Everything in the records must be reproduced exactly, except for the pictures.

» Entries provided:
****************************************

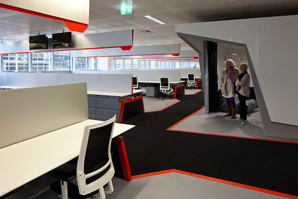 最新的Google倫敦辦公室主體色系以白色為主,搭配充滿幹勁的紅色跟沉穩的紫藍色,營造出相當現代感的工作氣圍,而該有的咖啡廳、會客室、會議室等應有盡有,工作空間也摒除了傳統的OA隔間,而採用開放式的工作桌面,看起來格外的清爽。
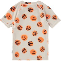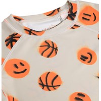 Badet-shirt i beige med orange basketprint til aktive børn. Fremstillet af genanvendt polyester med UV50+ beskyttelse. Har tætsiddende pasform, opretstående krave og korte raglanærmer. Det strækbare materiale giver høj komfort – perfekt til strand og pool.
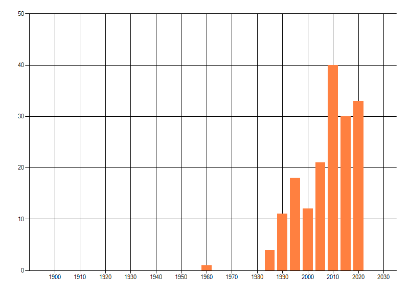 Het aantal atlasblokken (5x5 km) waarin de soort is gemeld binnen een periode van vijf jaar (vanaf 1980) of twintig jaar. Niet gecorrigeerd voor waarnemersinspanning en het aantal doorgegeven waarnemingen kan sterk variëren per periode, dus een trend in verspreiding kan hier niet direct uit worden afgelezen. Het opgegeven jaartal is het eerste jaar van de periode. Bron: gevalideerde waarnemingen uit de NDFF.
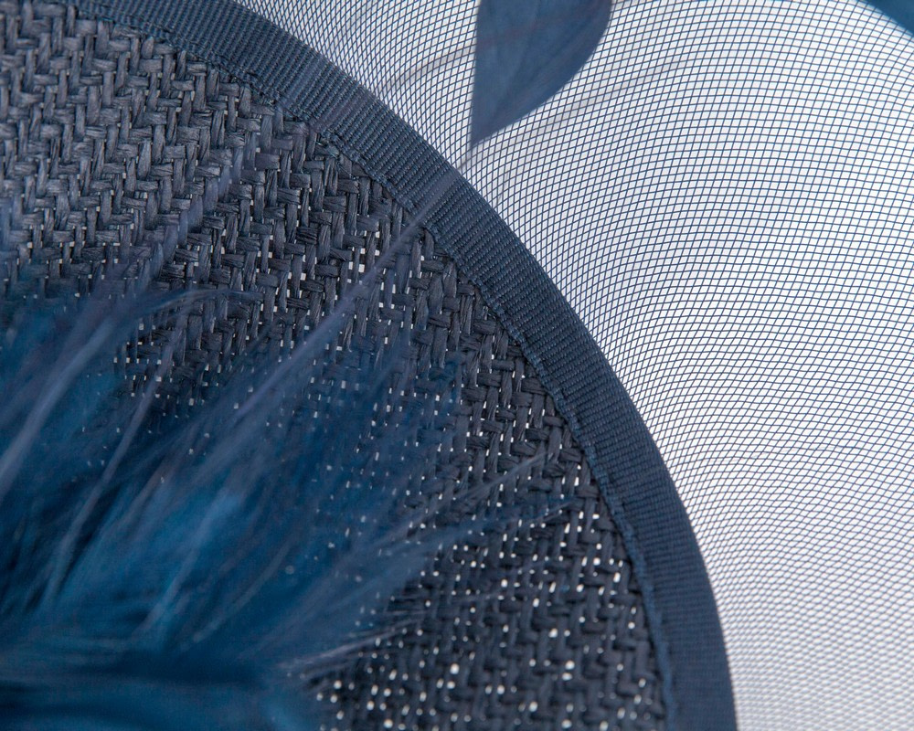 Exclusive navy fascinator with crinoline brim and feather center. Perfect choice for any spring racing outfit.
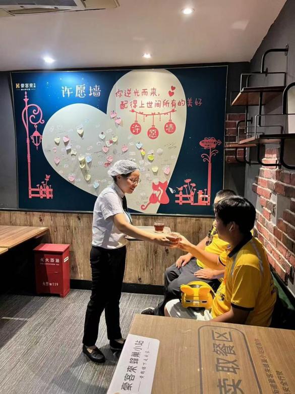 针对大成路人流量大、外卖骑手接单多、工作强度高的现状,多方协力提升街区友好度。部门联动疏堵结合。制作“友好地图”,在8个关键点位张贴,帮助骑手精准定位。协调城管、市场监管等部门增设10个临时停靠点与12个充换电设施,优化出行体验。商户接力关爱。推出每季度“流动红旗”,激励商户热情提供免排队取餐、免费热饮等服务,营造共同关爱新就业群体的浓厚氛围。2025年暑期,精武大包向彭刘杨社区“大成南极站”捐赠500杯绿豆汤和9000多瓶清凉饮品,受到广泛好评。
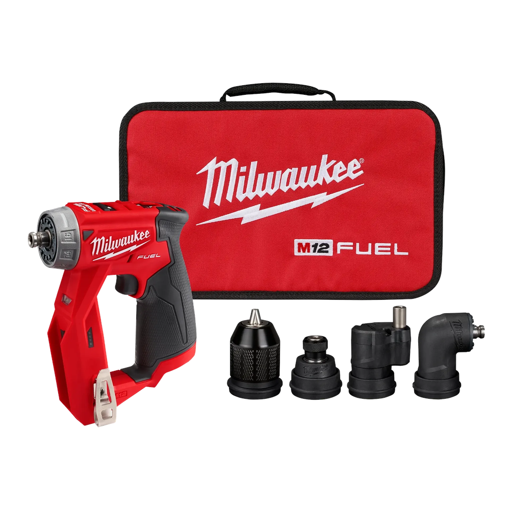 The Milwaukee M12 FUEL Installation Drill/Driver is a versatile 4-in-1 drilling and driving solution specifically designed to provide unrivaled access and control in uniquely challenging locations. It features four dedicated interchangeable headsa 3/8' metal chuck, offset driver, 1/4' hex, and right anglewhich can each be attached in 16 different positions to navigate tight corners and obstacles. The tool's slim profile and inline grip provide superior axial pressure and balance, while the flat-top design allows for flush placement against surfaces. Powered by a brushless motor, this compact tool delivers the performance needed for specialized installation work in cabinetry, electrical, and HVAC systems.
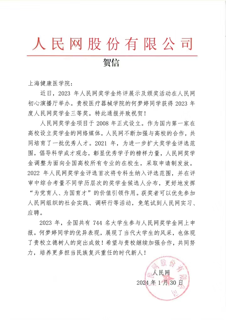 2024年1月23日,2023年人民网奖学金终评展示及颁奖活动在北京人民日报社新媒体大厦举办。活动现场公布了2023年人民网奖学金一、二、三等奖的获奖名单,上海健康医学院医疗器械学院2021级数据科学与大数据技术专业学生何梦婷荣获人民网奖学金三等奖,是我校学子首次获此荣誉。
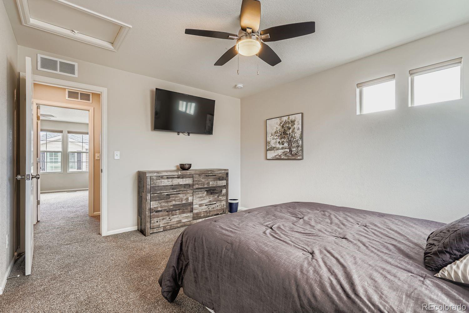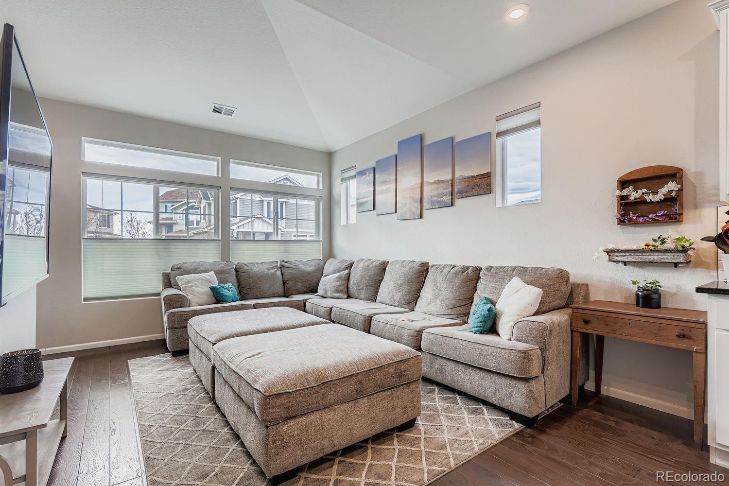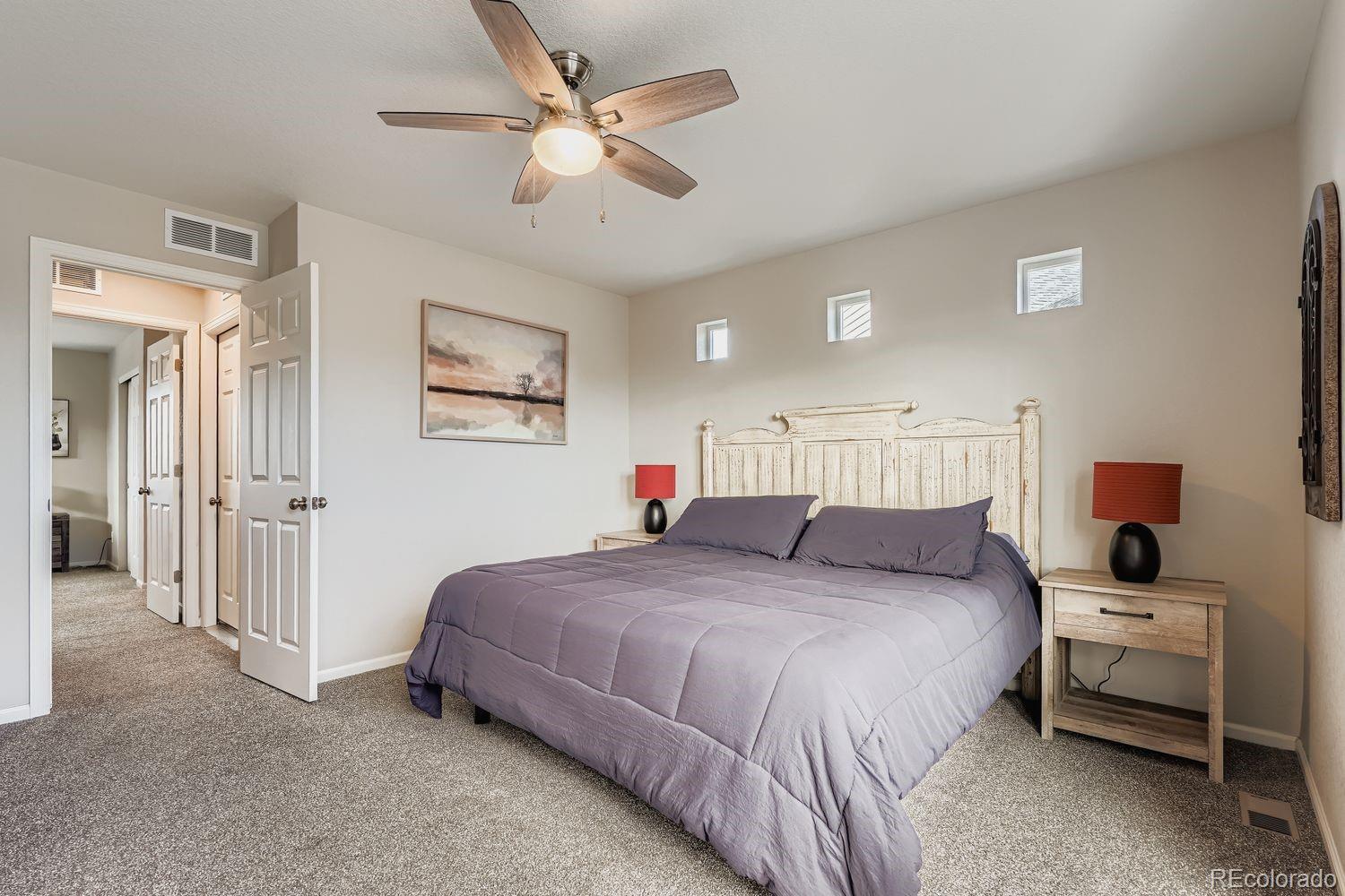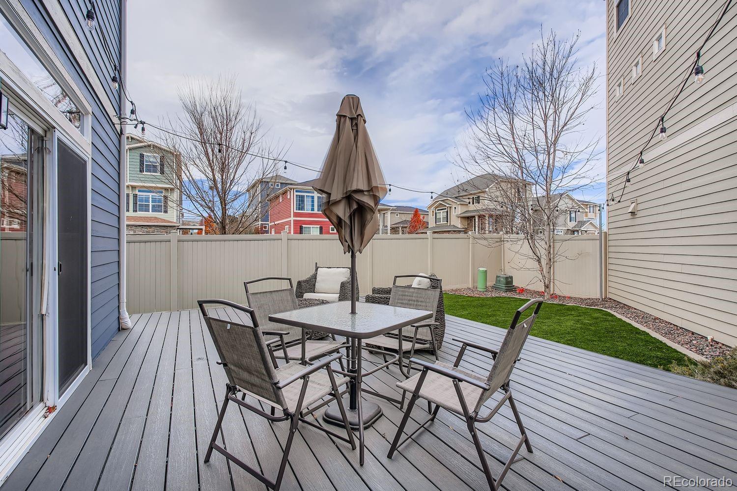 Welcome home to this beautiful, turnkey 2 bedroom, 2.5-bathroom home in Thornton. Located at the entrance to a quiet cul-de-sac in the Villages at Riverdale, this home has been meticulously maintained and is ready for you to make it your own. Featuring granite countertops, newer Range/Oven, Refrigerator, Dishwasher with an island sink with seating, you'll be right at home. The HOA takes care of maintenance of areas outside the enclosed back yard, where you'll find a spacious deck with plenty of room for entertaining or relaxing. The back yard is complete with a synthetic lawn, meaning no mowing! With up/down adjustable blinds you'll be able to let in as much or as little light as you'd like in the living room and in the upstairs bedrooms... Both of which have their own private bathroom! The 2-car attached garage is roomy and boasts plenty of storage overhead as well. Close to parks, walking trails, shopping, and with easy access to 470, I-25, I-76 and Hwy 85, you're close to everything, but away from it all. The home has 3 flat screen televisions (1 in the living room, and each bedroom) which will stay with the home, and all furnishings are negotiable as well.
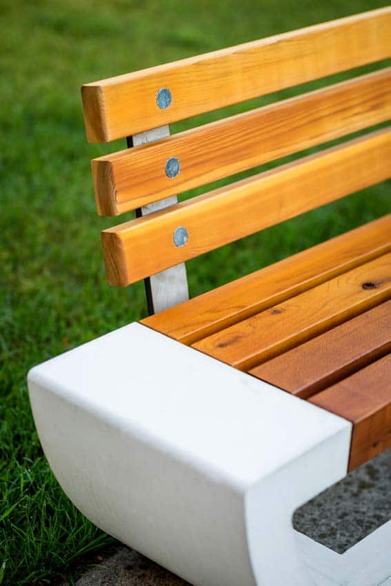 Using a wet cast method, the Cast Bench is made by curing wet concrete in a mold and attaching the cedar seat to the base. Available in Natural, Grey, Charcoal and White. Wood is available unstained or in Charcoal and Golden Cedar stains.
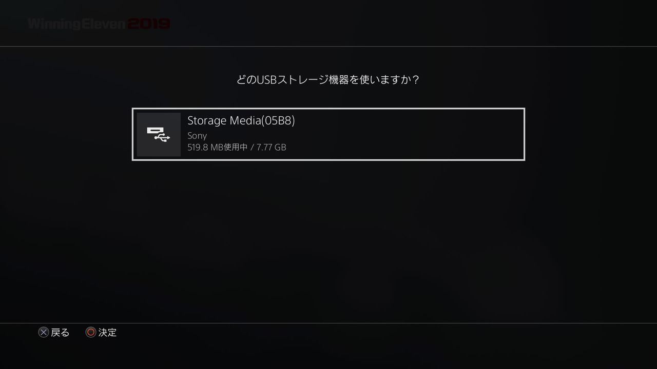 ⑤上の手順を終えた、USBをPS4に接続し、ウイイレを始める。
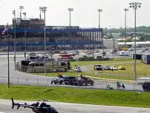Dover Motor Speedway (formerly Dover Downs International Speedway and later Dover International Speedway) is a race track in Dover, Delaware. The track has hosted at least one NASCAR Cup Series race each year since 1969, including two per year from 1971 to 2020. In addition to NASCAR, the track also hosted USAC[5] and the Indy Racing League. The track features one layout, a 1 mile (1.6 km) concrete oval, with 24° banking in the turns and 9° banking on the straights. The speedway is owned and operated by Speedway Motorsports.

****************************************

» Final answer:
 最新的Google倫敦辦公室主體色系以白色為主,搭配充滿幹勁的紅色跟沉穩的紫藍色,營造出相當現代感的工作氣圍,而該有的咖啡廳、會客室、會議室等應有盡有,工作空間也摒除了傳統的OA隔間,而採用開放式的工作桌面,看起來格外的清爽。
 Badet-shirt i beige med orange basketprint til aktive børn. Fremstillet af genanvendt polyester med UV50+ beskyttelse. Har tætsiddende pasform, opretstående krave og korte raglanærmer. Det strækbare materiale giver høj komfort – perfekt til strand og pool.
 Het aantal atlasblokken (5x5 km) waarin de soort is gemeld binnen een periode van vijf jaar (vanaf 1980) of twintig jaar. Niet gecorrigeerd voor waarnemersinspanning en het aantal doorgegeven waarnemingen kan sterk variëren per periode, dus een trend in verspreiding kan hier niet direct uit worden afgelezen. Het opgegeven jaartal is het eerste jaar van de periode. Bron: gevalideerde waarnemingen uit de NDFF.
 Exclusive navy fascinator with crinoline brim and feather center. Perfect choice for any spring racing outfit.
 针对大成路人流量大、外卖骑手接单多、工作强度高的现状,多方协力提升街区友好度。部门联动疏堵结合。制作“友好地图”,在8个关键点位张贴,帮助骑手精准定位。协调城管、市场监管等部门增设10个临时停靠点与12个充换电设施,优化出行体验。商户接力关爱。推出每季度“流动红旗”,激励商户热情提供免排队取餐、免费热饮等服务,营造共同关爱新就业群体的浓厚氛围。2025年暑期,精武大包向彭刘杨社区“大成南极站”捐赠500杯绿豆汤和9000多瓶清凉饮品,受到广泛好评。
 The Milwaukee M12 FUEL Installation Drill/Driver is a versatile 4-in-1 drilling and driving solution specifically designed to provide unrivaled access and control in uniquely challenging locations. It features four dedicated interchangeable headsa 3/8' metal chuck, offset driver, 1/4' hex, and right anglewhich can each be attached in 16 different positions to navigate tight corners and obstacles. The tool's slim profile and inline grip provide superior axial pressure and balance, while the flat-top design allows for flush placement against surfaces. Powered by a brushless motor, this compact tool delivers the performance needed for specialized installation work in cabinetry, electrical, and HVAC systems.
 2024年1月23日,2023年人民网奖学金终评展示及颁奖活动在北京人民日报社新媒体大厦举办。活动现场公布了2023年人民网奖学金一、二、三等奖的获奖名单,上海健康医学院医疗器械学院2021级数据科学与大数据技术专业学生何梦婷荣获人民网奖学金三等奖,是我校学子首次获此荣誉。
 Welcome home to this beautiful, turnkey 2 bedroom, 2.5-bathroom home in Thornton. Located at the entrance to a quiet cul-de-sac in the Villages at Riverdale, this home has been meticulously maintained and is ready for you to make it your own. Featuring granite countertops, newer Range/Oven, Refrigerator, Dishwasher with an island sink with seating, you'll be right at home. The HOA takes care of maintenance of areas outside the enclosed back yard, where you'll find a spacious deck with plenty of room for entertaining or relaxing. The back yard is complete with a synthetic lawn, meaning no mowing! With up/down adjustable blinds you'll be able to let in as much or as little light as you'd like in the living room and in the upstairs bedrooms... Both of which have their own private bathroom! The 2-car attached garage is roomy and boasts plenty of storage overhead as well. Close to parks, walking trails, shopping, and with easy access to 470, I-25, I-76 and Hwy 85, you're close to everything, but away from it all. The home has 3 flat screen televisions (1 in the living room, and each bedroom) which will stay with the home, and all furnishings are negotiable as well.
 Using a wet cast method, the Cast Bench is made by curing wet concrete in a mold and attaching the cedar seat to the base. Available in Natural, Grey, Charcoal and White. Wood is available unstained or in Charcoal and Golden Cedar stains.
 ⑤上の手順を終えた、USBをPS4に接続し、ウイイレを始める。
Dover Motor Speedway (formerly Dover Downs International Speedway and later Dover International Speedway) is a race track in Dover, Delaware. The track has hosted at least one NASCAR Cup Series race each year since 1969, including two per year from 1971 to 2020. In addition to NASCAR, the track also hosted USAC[5] and the Indy Racing League. The track features one layout, a 1 mile (1.6 km) concrete oval, with 24° banking in the turns and 9° banking on the straights. The speedway is owned and operated by Speedway Motorsports.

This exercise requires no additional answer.